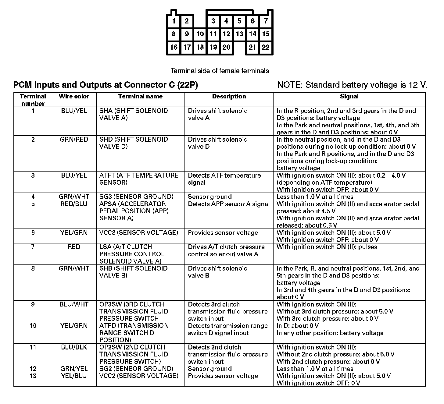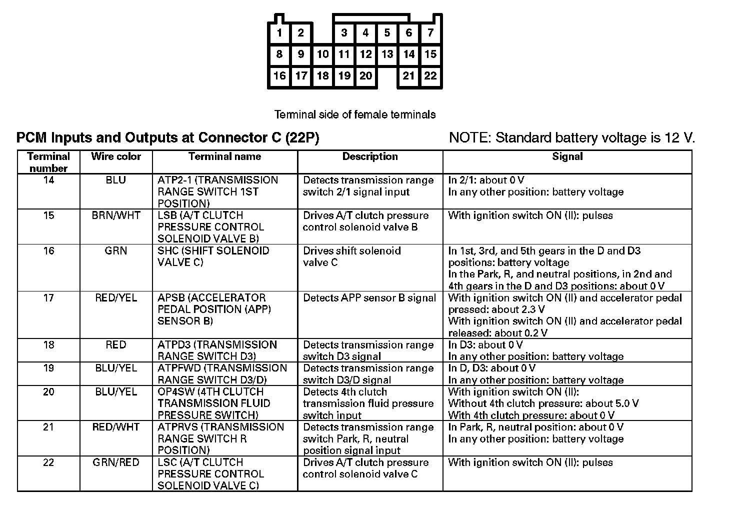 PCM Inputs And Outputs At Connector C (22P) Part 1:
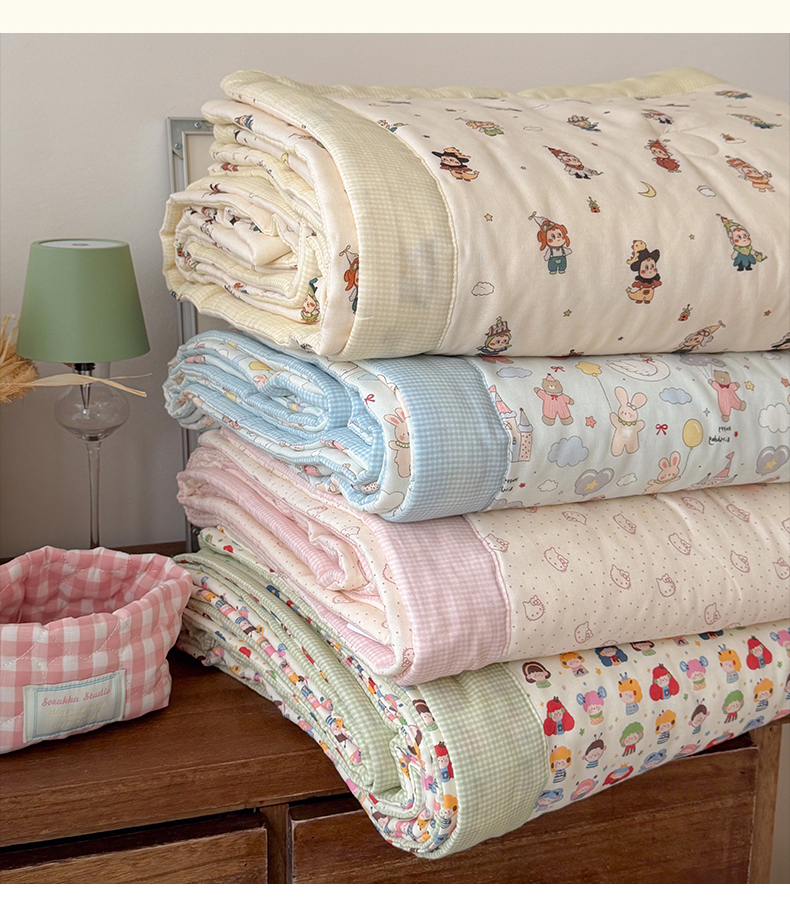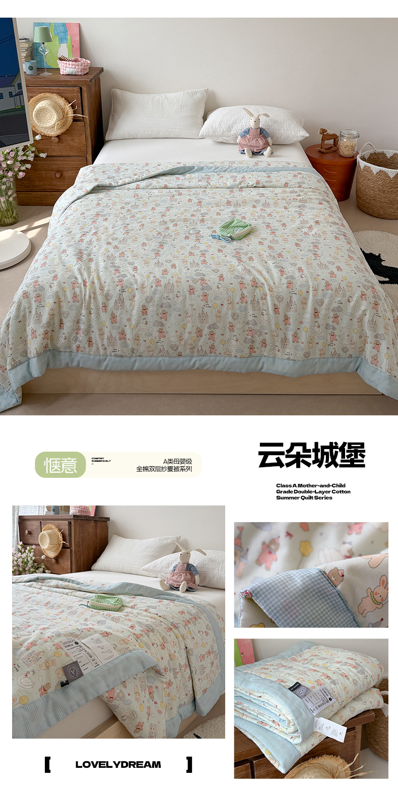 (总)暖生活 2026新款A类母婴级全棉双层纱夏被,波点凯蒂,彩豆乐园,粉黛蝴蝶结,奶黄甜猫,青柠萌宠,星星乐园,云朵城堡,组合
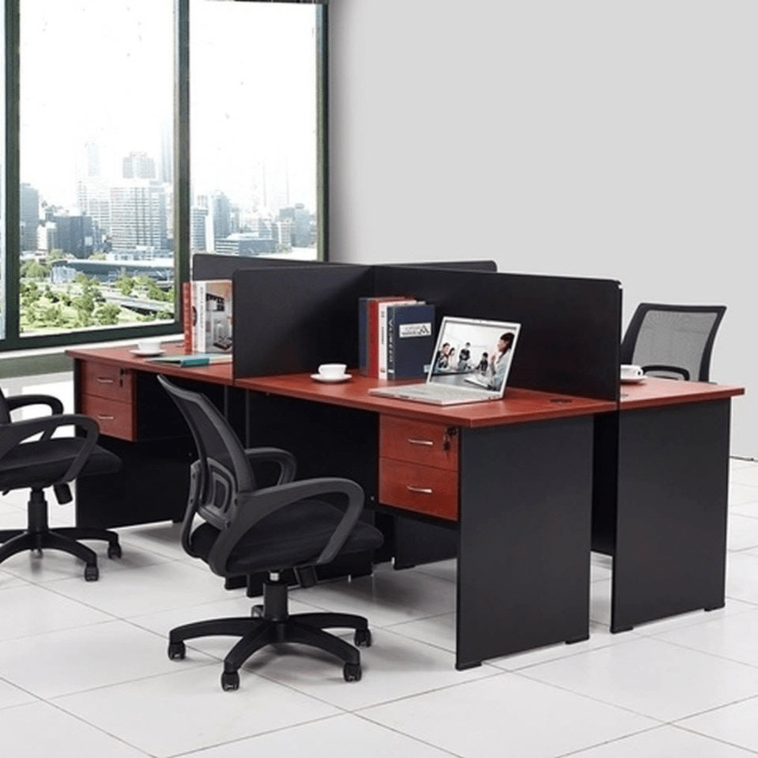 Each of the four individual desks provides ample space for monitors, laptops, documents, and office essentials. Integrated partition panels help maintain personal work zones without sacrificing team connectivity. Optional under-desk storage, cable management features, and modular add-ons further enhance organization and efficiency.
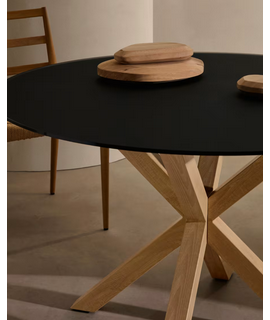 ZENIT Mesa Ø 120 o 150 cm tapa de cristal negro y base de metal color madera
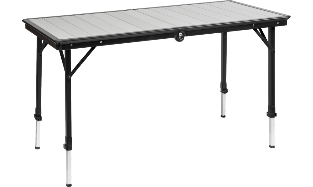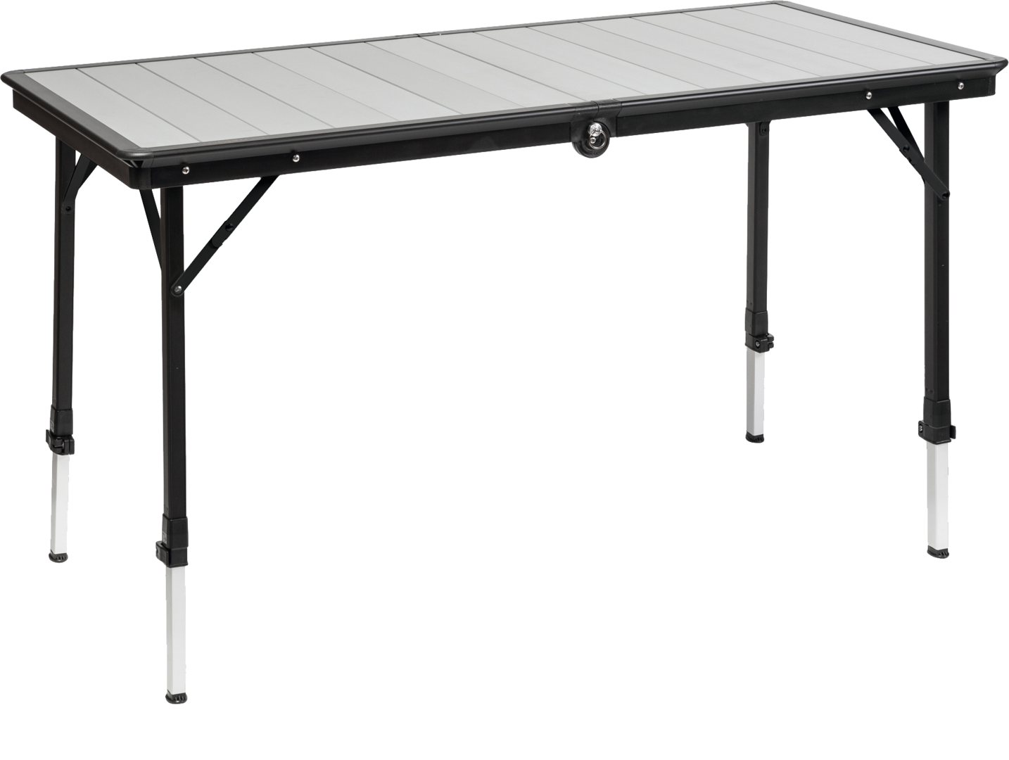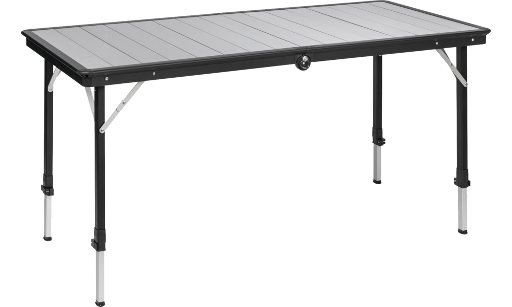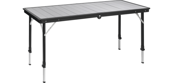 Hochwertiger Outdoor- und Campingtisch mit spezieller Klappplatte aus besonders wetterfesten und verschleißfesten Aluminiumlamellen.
----
- Problem to solve
Please repeat the records above exactly, leaving every picture out.

- Solution for this task
 PCM Inputs And Outputs At Connector C (22P) Part 1:
 (总)暖生活 2026新款A类母婴级全棉双层纱夏被,波点凯蒂,彩豆乐园,粉黛蝴蝶结,奶黄甜猫,青柠萌宠,星星乐园,云朵城堡,组合
 Each of the four individual desks provides ample space for monitors, laptops, documents, and office essentials. Integrated partition panels help maintain personal work zones without sacrificing team connectivity. Optional under-desk storage, cable management features, and modular add-ons further enhance organization and efficiency.
 ZENIT Mesa Ø 120 o 150 cm tapa de cristal negro y base de metal color madera
 Hochwertiger Outdoor- und Campingtisch mit spezieller Klappplatte aus besonders wetterfesten und verschleißfesten Aluminiumlamellen.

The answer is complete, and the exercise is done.